9.3.2 Loading CMUdict into a Python Dictionary

import pandas as pd
import numpy as np

cmu = pd.read_csv(
    'cmudict-07b',
    sep='  ',                  # two spaces
    engine='python',
    comment=';',               # ignore comment lines
    names=['word', 'cmu_pronunciation'],
    encoding='latin-1'
)

# Build dictionary
cmudict = cmu.set_index('word')['cmu_pronunciation'].to_dict()

Key points: - The CMUdict file uses two spaces as a delimiter between the word and its pronunciation — note sep=' '. - Lines beginning with ; are comments (metadata); comment=';' skips them automatically. - encoding='latin-1' is required because the file contains non-ASCII characters in some entries. - We convert the DataFrame into a plain Python dict (cmudict) for fast O(1) lookup during syllable counting.


9.4 Step 2 — Load Input Text Files

9.4.1 Check Your Working Directory

Before reading files, confirm your current working directory so that relative paths resolve correctly:

import os
print(os.getcwd())

9.4.2 Read All .txt Files from a Folder

import os
import pandas as pd

folder_path = './input_text'

if not os.path.exists(folder_path):
    raise FileNotFoundError(f"Folder not found: {folder_path}")

file_names = []
file_contents = []

for filename in sorted(os.listdir(folder_path)):
    if filename.endswith('.txt'):
        file_path = os.path.join(folder_path, filename)
        
        try:
            with open(file_path, 'r', encoding='utf-8') as f:
                content = f.read()
        except UnicodeDecodeError:
            with open(file_path, 'r', encoding='latin-1') as f:
                content = f.read()
        
        file_names.append(filename)
        file_contents.append(content)

df_input = pd.DataFrame({
    'File_Name': file_names,
    'Text': file_contents
})

Key points: - sorted(os.listdir(...)) ensures files are processed in alphabetical order, making results reproducible across runs. - A try/except block handles encoding issues: we attempt utf-8 first, then fall back to latin-1. This covers the vast majority of plain-text files. - The result is a DataFrame with two columns: File_Name and Text.


9.5 Step 3 — Data Cleaning

Raw text is messy. Before tokenizing, we standardize the text by removing punctuation, normalizing whitespace, and unifying apostrophe characters.

import re

df_input["Clean"] = df_input["Text"].apply(lambda x: x.upper())
df_input['Clean'] = df_input['Clean'].map(lambda x: re.sub('[,\\.!?()\"""]', '', str(x))) 

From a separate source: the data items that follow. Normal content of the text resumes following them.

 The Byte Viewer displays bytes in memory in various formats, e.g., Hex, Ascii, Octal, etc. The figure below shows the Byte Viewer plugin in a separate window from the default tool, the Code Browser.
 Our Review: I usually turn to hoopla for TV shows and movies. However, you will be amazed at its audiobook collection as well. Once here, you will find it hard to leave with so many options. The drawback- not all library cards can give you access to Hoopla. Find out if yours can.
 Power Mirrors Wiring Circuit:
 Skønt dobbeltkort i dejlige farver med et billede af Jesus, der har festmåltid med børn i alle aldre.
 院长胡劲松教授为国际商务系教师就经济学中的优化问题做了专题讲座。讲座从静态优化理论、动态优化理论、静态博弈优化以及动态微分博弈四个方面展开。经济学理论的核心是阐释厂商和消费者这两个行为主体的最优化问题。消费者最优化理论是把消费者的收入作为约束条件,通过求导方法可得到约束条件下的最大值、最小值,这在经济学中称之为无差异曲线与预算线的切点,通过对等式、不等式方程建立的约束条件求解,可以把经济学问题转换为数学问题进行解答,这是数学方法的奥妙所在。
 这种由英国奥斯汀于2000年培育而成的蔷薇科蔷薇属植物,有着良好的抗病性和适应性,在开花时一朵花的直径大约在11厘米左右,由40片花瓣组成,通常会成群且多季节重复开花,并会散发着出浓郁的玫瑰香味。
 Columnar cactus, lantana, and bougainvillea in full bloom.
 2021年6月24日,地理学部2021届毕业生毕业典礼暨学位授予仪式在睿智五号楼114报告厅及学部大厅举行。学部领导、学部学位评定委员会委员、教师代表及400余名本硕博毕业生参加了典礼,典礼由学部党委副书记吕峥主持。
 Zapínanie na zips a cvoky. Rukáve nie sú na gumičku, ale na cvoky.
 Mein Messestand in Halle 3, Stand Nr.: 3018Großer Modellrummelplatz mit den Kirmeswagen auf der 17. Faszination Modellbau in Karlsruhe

# Replace curly/smart apostrophes with straight apostrophes
df_input['Clean'] = df_input['Clean'].map(lambda x: re.sub('[']', '\'', str(x))) 

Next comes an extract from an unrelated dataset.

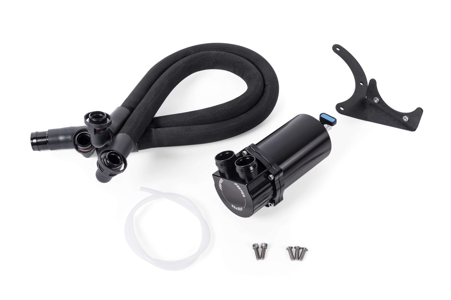 The APR Oil Catch Can System traps excessive crankcase oil vapors and gunk from entering the engine. The system reduces carbon buildup on intake valves, and octane lowering oil vapors and oil pooling within the intake tract. It's a simple modification to install, drains in seconds with the flick of a knob, and is recommended at all stages of performance.
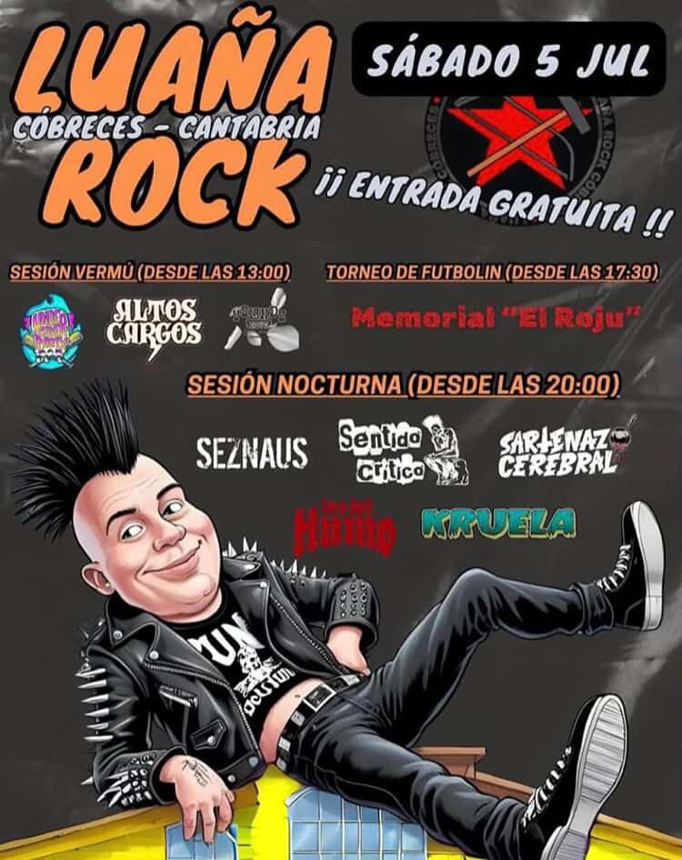 Los del Humo, Sartenazo Cerebral, Kruela, Sentido Crítico y SezNaus compartirán escenario en la próxima del Luaña Rock, que tendrá lugar el 5 de julio en Cóbreces (Cantabria). Además habrá sesión vermú desde las 13:00 horas con Altos Cargos, Volando Boys y Under Cover Party, y un torneo de futbolín desde las 17:30 horas. Todos totalmente gratis.

df_input['Clean'] = df_input['Clean'].str.replace(r'\s+', " ", regex=True)
df_input["Clean"] = df_input["Clean"].str.strip()
df_input.to_csv("df_input.csv")
df_input.head()

What each step does:

Step What It Does Why
.upper() Converts all text to uppercase CMUdict keys are uppercase (e.g., PYTHON, not python)
re.sub('[,\\.!?()"""]', '', ...) Removes common punctuation marks Punctuation would cause words to not match CMUdict
re.sub('[']', "'", ...) Replaces curly/smart apostrophes with straight ones Ensures contractions like DON'T match CMUdict
str.replace(r'\s+', " ", ...) Collapses multiple spaces into one Prevents empty tokens after splitting
.strip() Removes leading/trailing whitespace Clean boundaries for tokenization
.to_csv(...) Saves the cleaned DataFrame to disk Checkpoint — useful for inspection and debugging

9.6 Step 4 — Tokenization

Split each cleaned text string into a list of individual word tokens:

df_input["Tokenized"] = df_input["Clean"].str.split(" ")
df_input.head()

After this step, each row in the Tokenized column contains a Python list of uppercase word strings, e.g., ['THE', 'QUICK', 'BROWN', 'FOX'].

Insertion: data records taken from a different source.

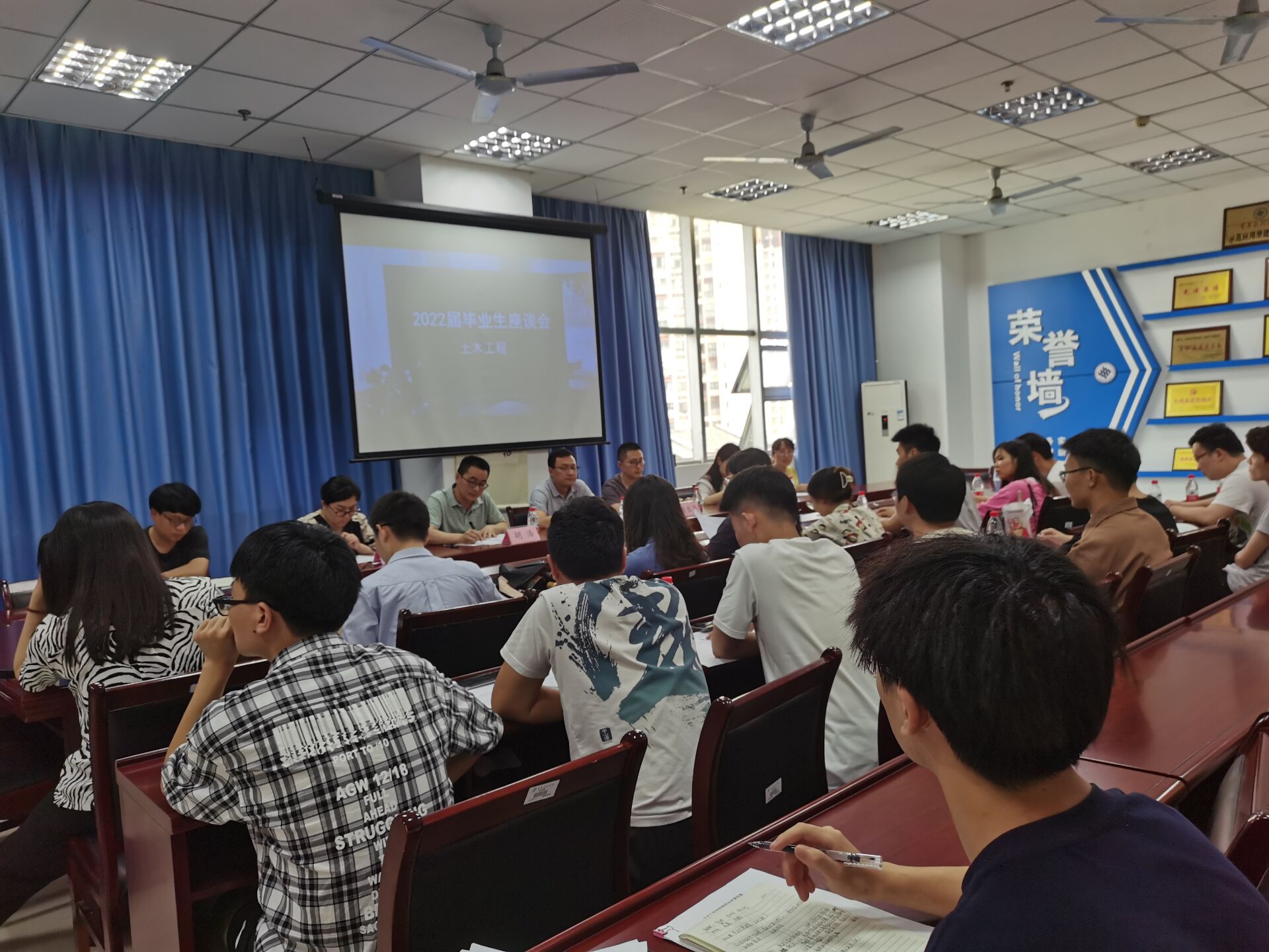为充分听取2022届毕业生关于学院人才培养和建设发展的意见建议,学院于5月30日至31日召开了2022届毕业生座谈会。本次座谈会分专业在格物楼C603、C610会议室先后召开,党总支书记蒋礼文、副书记兼副院长张海龙、副院长沈中友分别参加了工程造价、土木工程、工程管理专业的毕业生座谈会,相关教学系主任、教师代表和毕业生代表共59人参加本次会议。
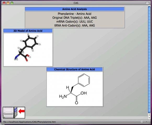This application transcribes basic codons and tells you the amino acid it codes for, the tRNA anti-Codon, and give you a 3D structural model of the amino acid and 2D picture of its chemical structure. Analysis reports can then be printed by the user.
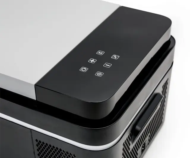 Digitalni zaslon omogoča natančno nastavitev temperature, izbiro načinov delovanja (ECO/MAX) ter enostaven nadzor. Eleganten, sodoben dizajn se lepo poda tako notranjosti vozila kot kamp opremi.
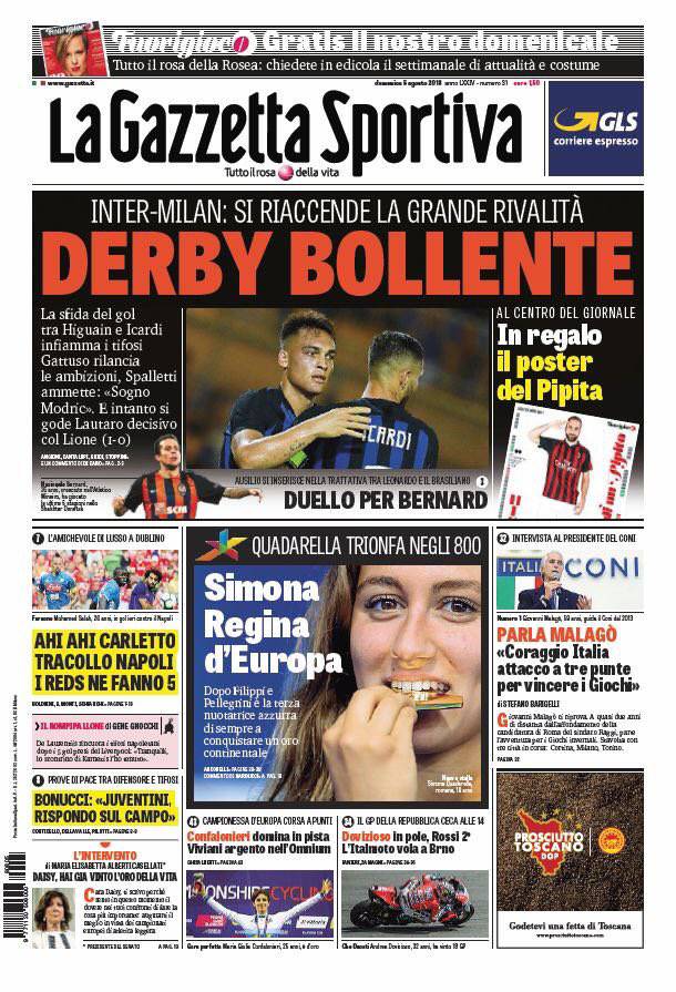 Gazzetta, Corriere dello Sport, Tuttosport: prime pagine 5 agosto 2018 05/08/2018 - 08:31 di Matteo B.
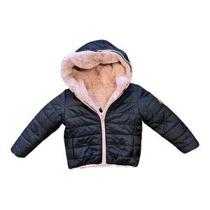 NWT Save the Duck | Girls Mimi Black Pink Plush Reversible Animal Free Jacket 2T

9.7 Step 5 — Convert Numbers to Words

SAT passages sometimes contain numeric expressions like years (1865) or quantities (42). CMUdict has entries for word forms (EIGHTEEN, SIXTY-FIVE) but not for raw numerals. We use the num2words library to convert digits to their spoken equivalents before lookup.

9.7.1 Install the Library

!pip install num2words

9.7.2 Define the Conversion Function

import num2words

def convert_num_to_words(utterance):
    utterance = ' '.join([num2words.num2words(i).upper() if i.isdigit() else i for i in utterance])
    return utterance

How it works: - Iterates over each token in the list. - If a token is a pure digit string (e.g., '42'), it calls num2words.num2words('42')'forty-two', then .upper()'FORTY-TWO'. - Non-digit tokens are passed through unchanged. - Finally, all tokens are joined back into a single space-separated string.

9.7.3 Apply and Clean Hyphens

df_input["words"] = df_input['Tokenized'].apply(convert_num_to_words)
df_input['words'] = df_input['words'].map(lambda x: re.sub('-', ' ', str(x)))  # numbers that have '-'
df_input

num2words produces hyphenated forms like FORTY-TWO. We replace hyphens with spaces so each part is treated as a separate token during lookup (FORTY and TWO are separate CMUdict entries).


9.8 Step 6 — Syllable Counting

This is the core of the pipeline. We combine two complementary methods:

9.8.1 6.1 Prepare the Working DataFrame

df = df_input[['File_Name', 'Text', 'words']].copy()
df.head(2)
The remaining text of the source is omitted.